A huge victory, Chief Minister's post at the young age of 38 and then a crushing defeat - Samajwadi Party chief Akhilesh Yadav has seen it all. And now, at a more mature 48, he is preparing for his biggest election - one against the formidable poll machinery of the BJP.
In the politics of Uttar Pradesh - the most populous and largest state which could have been the world's fifth largest nation had it not been a state - Akhilesh Yadav's lineage cannot be bettered. His father, Mulayam Yadav, had turned his wrestling skills to the political arena and won the Chief Minister-ship thrice.

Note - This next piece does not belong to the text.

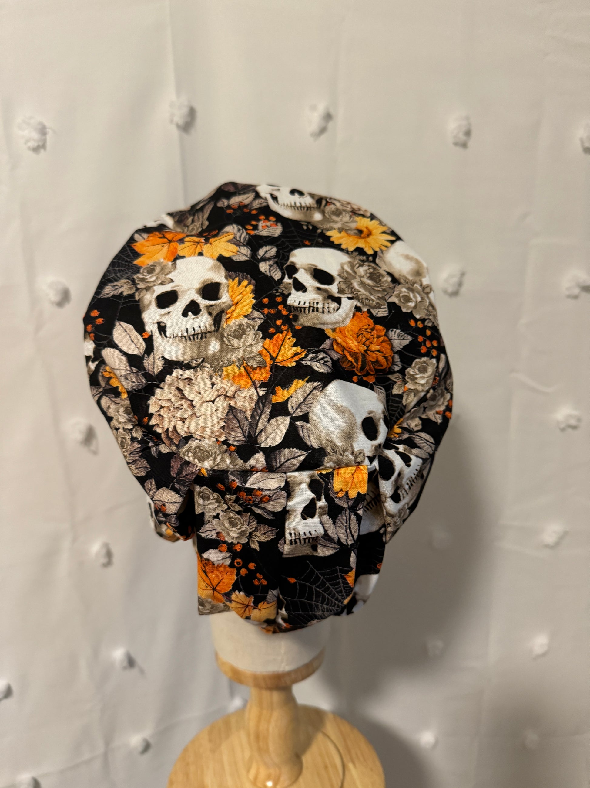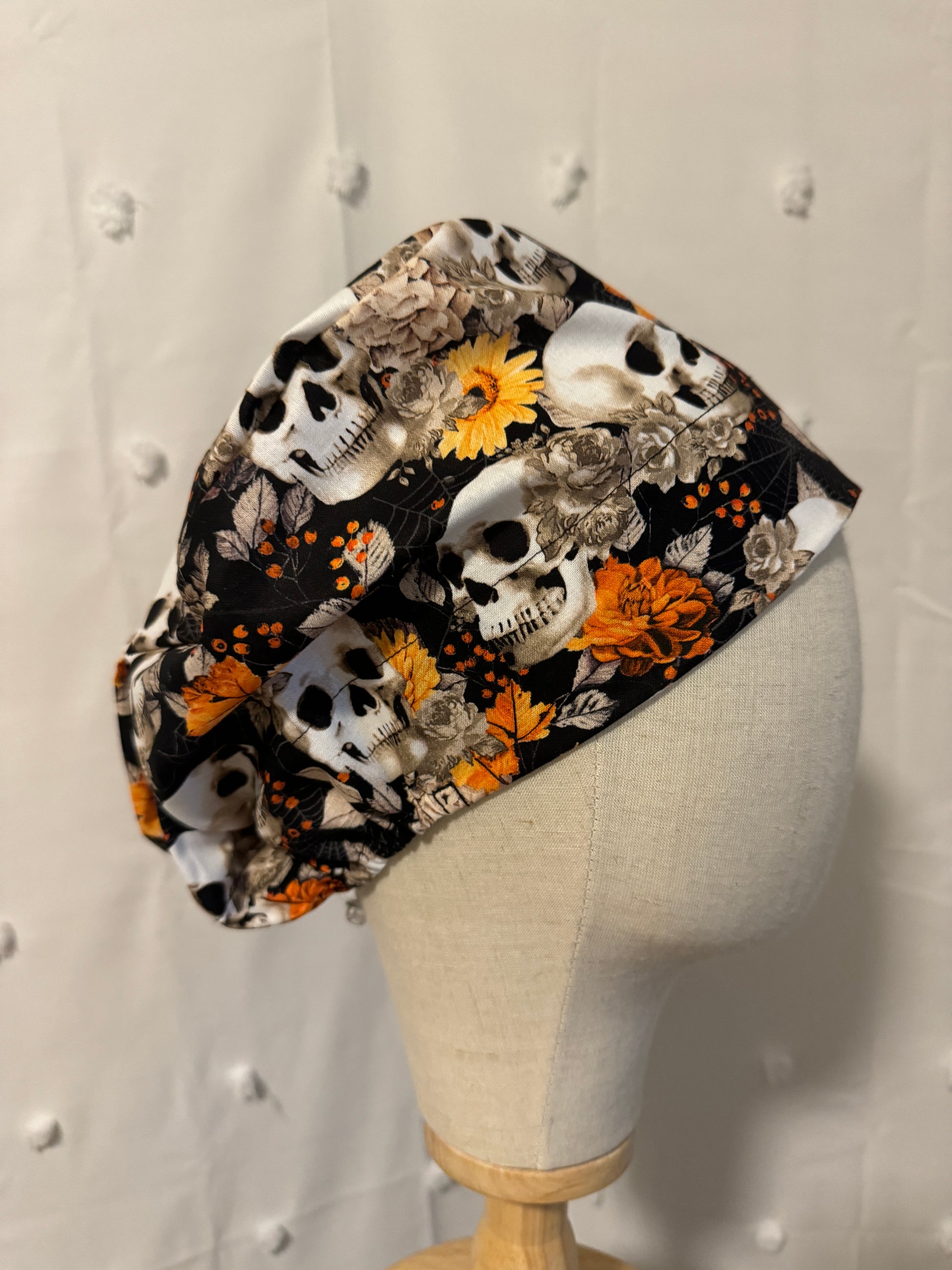 Orange & Black Skulls & Floral Scrub Cap - Satin Lining Available - Multiple Styles

His uncle Shivpal Yadav is a political veteran who, after their five-year spat, is ready to come back into the fold.
Akhilesh Yadav rode to power in 2012 after a hard reboot of the party - embracing technology and English and turning it into a vehicle for the aspirations of the sizeable number of young voters of the state.
This time, the odds are stacked against the man once seen as the "Other Prince": The BJP's huge campaign funds, the charismatic oratory of the Prime Minister, a dozen or so Central ministers, the party's keenest strategist Amit Shah. His opponent is the BJP's biggest poster boy after the Prime Minister -- Chief Minister Yogi Adityanath.

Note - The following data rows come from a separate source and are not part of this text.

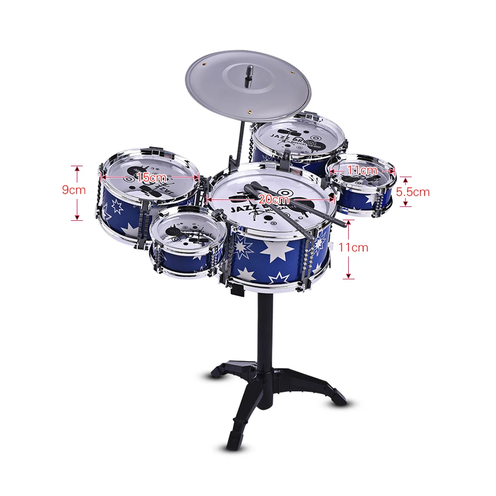 Включая 1 басовый барабан, 4 небольших барабана, 1 цимбал, 2 барабанные палочки и 1 небольшой стул.
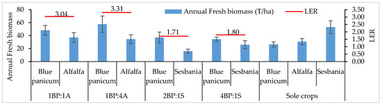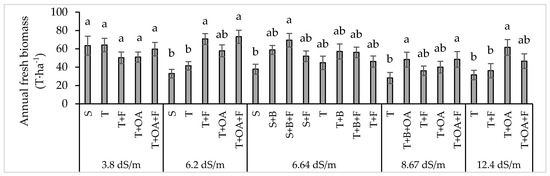 Integrated Agronomic Practices to Enhance Forage Productivity and Quality of Blue Panicum (Panicum antidotale Retz.) under Saline and Arid Conditions in the South of Morocco †
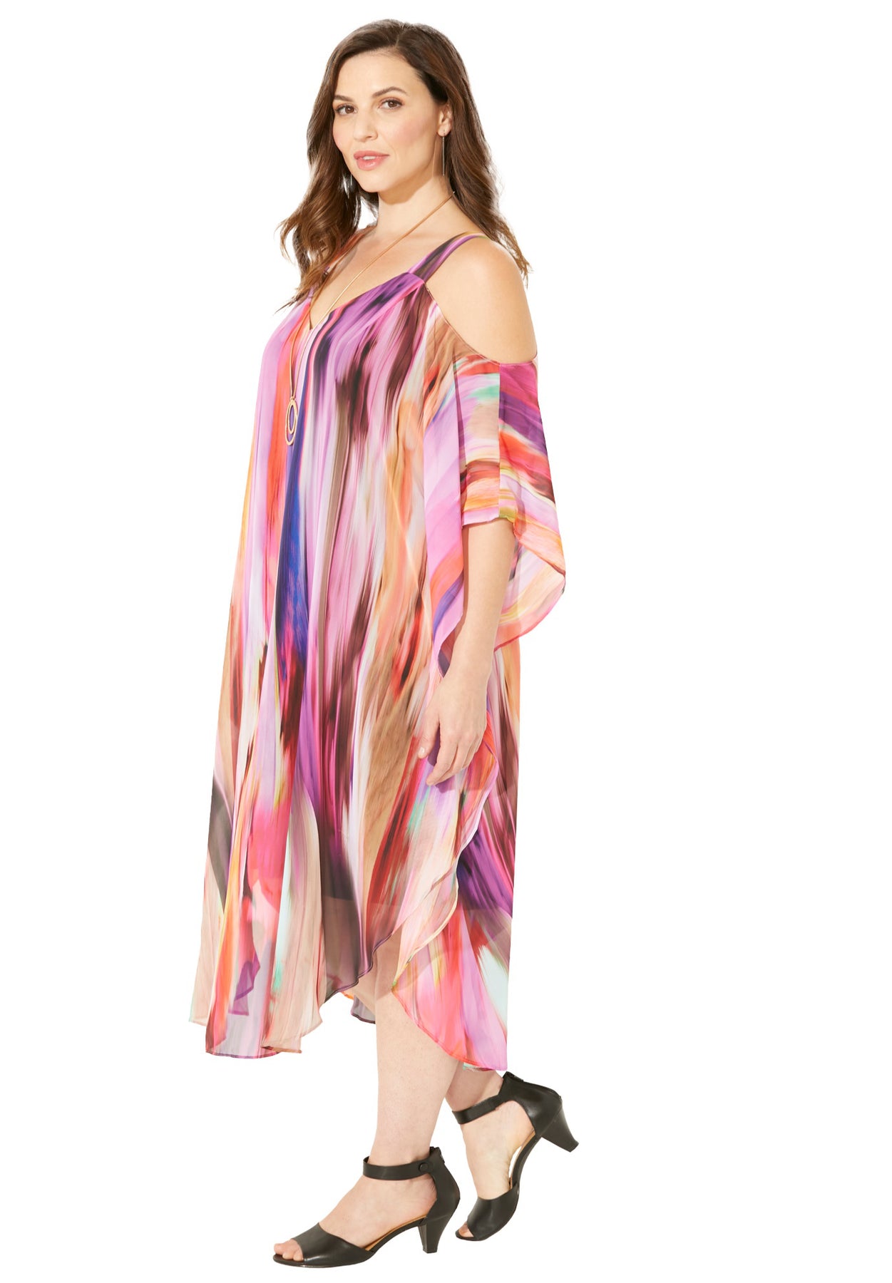 Open-Shoulder Chiffon Dress

But Mamata Banerjee's sweeping victory in Bengal this summer against similar odds has punched holes in the aura of invincibility around the BJP. For the Samajwadi Party, that has been cause to rejoice.
In the run-up to the election, the party has taken a leaf out of her book, remodeling the Trinamool Congress's viral "Khela Hobe" tune as "Khadeda Hoibe", showcasing the overflowing crowds at the rallies of Akhilesh Yadav.
Those crowds are the other thing the Samajwadi Party is pinning its hopes on. The eight phases of the Samajwadi Vijay Yatra through eastern and central Uttar Pradesh and Bundelkhand have seen thousands upon thousands in attendance.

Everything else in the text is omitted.